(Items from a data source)
_ _ _

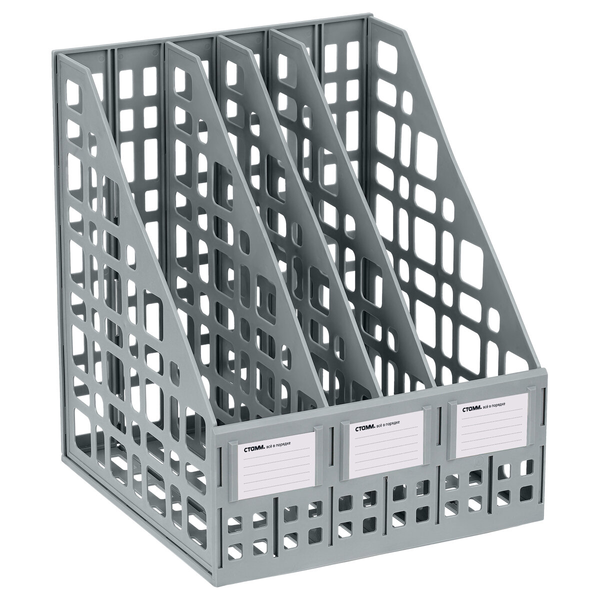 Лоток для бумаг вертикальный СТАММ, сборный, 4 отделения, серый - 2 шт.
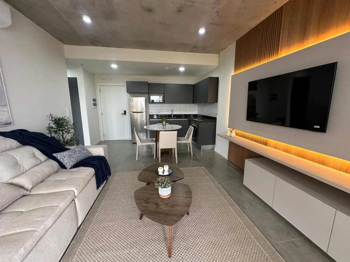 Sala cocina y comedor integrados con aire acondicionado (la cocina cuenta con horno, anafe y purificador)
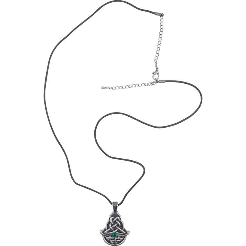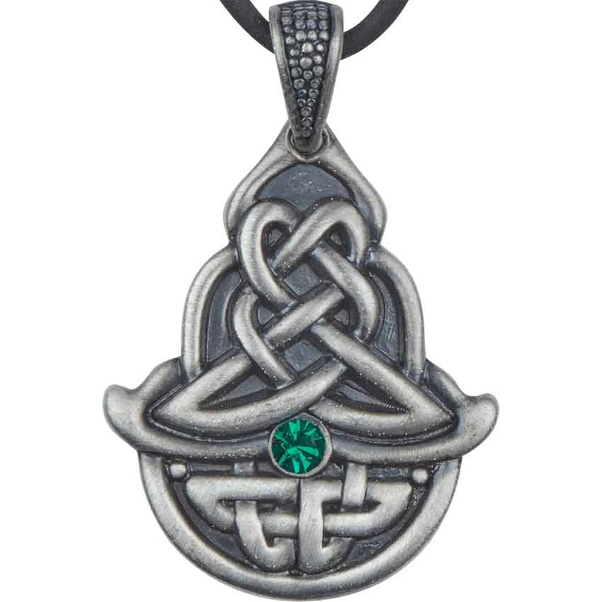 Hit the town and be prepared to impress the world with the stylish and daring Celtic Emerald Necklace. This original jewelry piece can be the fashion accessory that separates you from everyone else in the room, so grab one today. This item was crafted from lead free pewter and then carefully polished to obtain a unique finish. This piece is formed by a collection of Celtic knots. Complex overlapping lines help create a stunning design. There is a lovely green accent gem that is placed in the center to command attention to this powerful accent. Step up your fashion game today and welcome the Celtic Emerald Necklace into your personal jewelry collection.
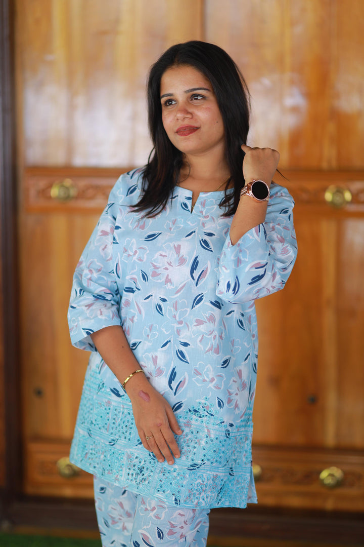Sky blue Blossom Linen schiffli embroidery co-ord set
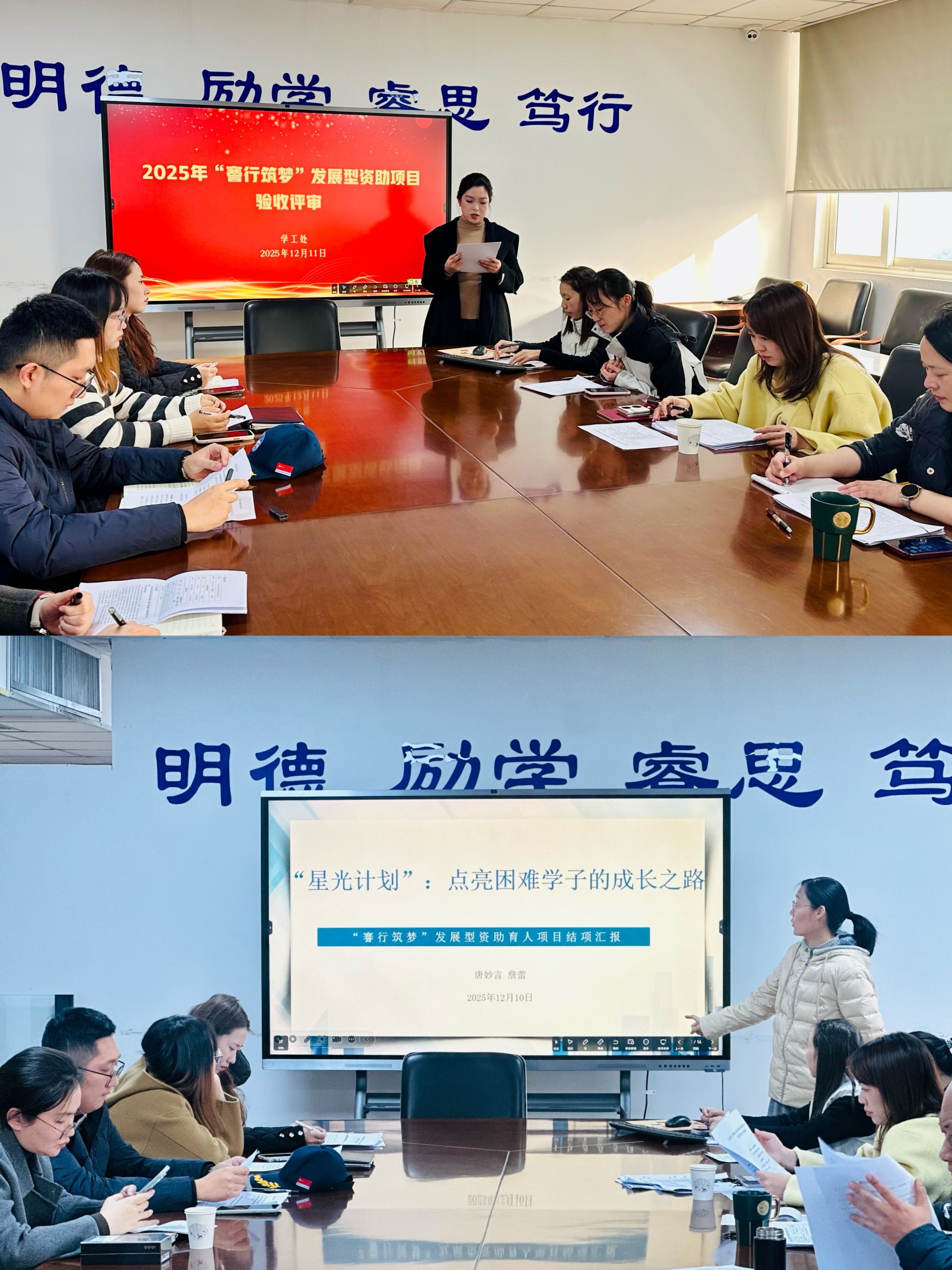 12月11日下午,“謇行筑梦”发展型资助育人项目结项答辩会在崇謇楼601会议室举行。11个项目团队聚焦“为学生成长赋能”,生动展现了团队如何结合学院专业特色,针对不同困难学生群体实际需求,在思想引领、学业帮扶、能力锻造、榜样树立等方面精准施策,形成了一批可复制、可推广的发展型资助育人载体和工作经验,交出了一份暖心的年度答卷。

_ _ _

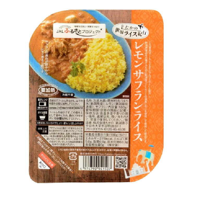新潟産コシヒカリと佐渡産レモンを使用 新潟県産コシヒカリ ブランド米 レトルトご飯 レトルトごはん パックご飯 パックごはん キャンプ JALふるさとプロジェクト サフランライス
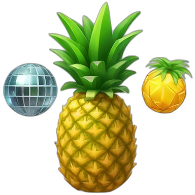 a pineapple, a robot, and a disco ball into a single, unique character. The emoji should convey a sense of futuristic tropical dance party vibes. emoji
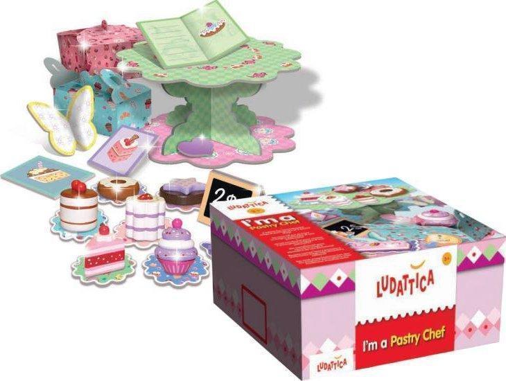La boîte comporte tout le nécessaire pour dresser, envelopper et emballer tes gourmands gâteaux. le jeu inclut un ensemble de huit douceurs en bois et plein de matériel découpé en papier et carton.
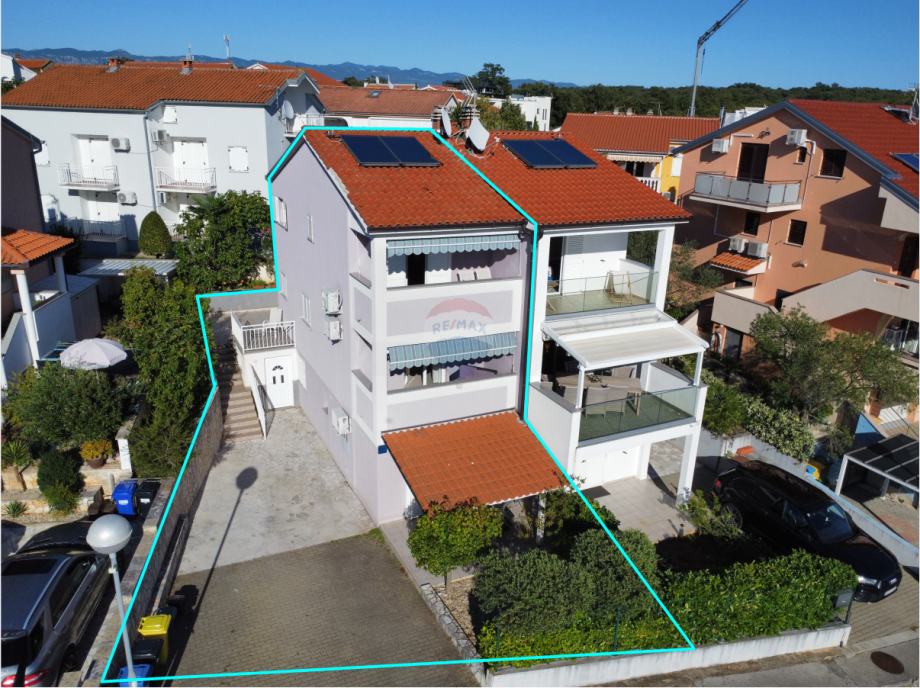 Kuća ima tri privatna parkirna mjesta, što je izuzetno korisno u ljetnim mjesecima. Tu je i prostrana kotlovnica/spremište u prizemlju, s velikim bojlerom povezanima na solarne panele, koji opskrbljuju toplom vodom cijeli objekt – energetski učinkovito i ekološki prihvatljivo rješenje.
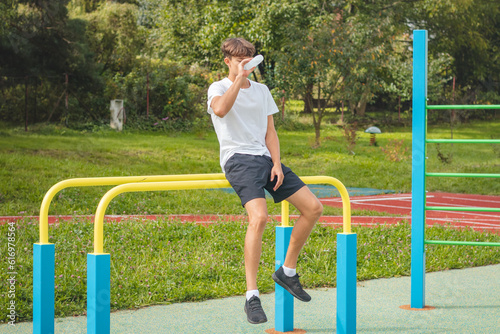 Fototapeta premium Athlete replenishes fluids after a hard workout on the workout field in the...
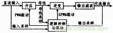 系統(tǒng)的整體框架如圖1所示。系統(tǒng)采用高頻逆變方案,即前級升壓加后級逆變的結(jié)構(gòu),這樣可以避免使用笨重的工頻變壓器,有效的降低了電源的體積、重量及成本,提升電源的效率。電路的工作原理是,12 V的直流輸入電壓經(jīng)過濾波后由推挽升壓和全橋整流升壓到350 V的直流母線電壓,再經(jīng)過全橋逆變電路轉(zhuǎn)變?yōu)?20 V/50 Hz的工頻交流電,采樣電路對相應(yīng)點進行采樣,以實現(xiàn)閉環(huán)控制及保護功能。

_ _ _

WORK REQUEST:
Among the entries above, find the line with "a pineapple, a" and repeat exactly from there through the line with "Fototapeta premium Athlete", leaving out the pictures.

ANSWER FOR THE TASK:
 a pineapple, a robot, and a disco ball into a single, unique character. The emoji should convey a sense of futuristic tropical dance party vibes. emoji
La boîte comporte tout le nécessaire pour dresser, envelopper et emballer tes gourmands gâteaux. le jeu inclut un ensemble de huit douceurs en bois et plein de matériel découpé en papier et carton.
 Kuća ima tri privatna parkirna mjesta, što je izuzetno korisno u ljetnim mjesecima. Tu je i prostrana kotlovnica/spremište u prizemlju, s velikim bojlerom povezanima na solarne panele, koji opskrbljuju toplom vodom cijeli objekt – energetski učinkovito i ekološki prihvatljivo rješenje.
 Fototapeta premium Athlete replenishes fluids after a hard workout on the workout field in the...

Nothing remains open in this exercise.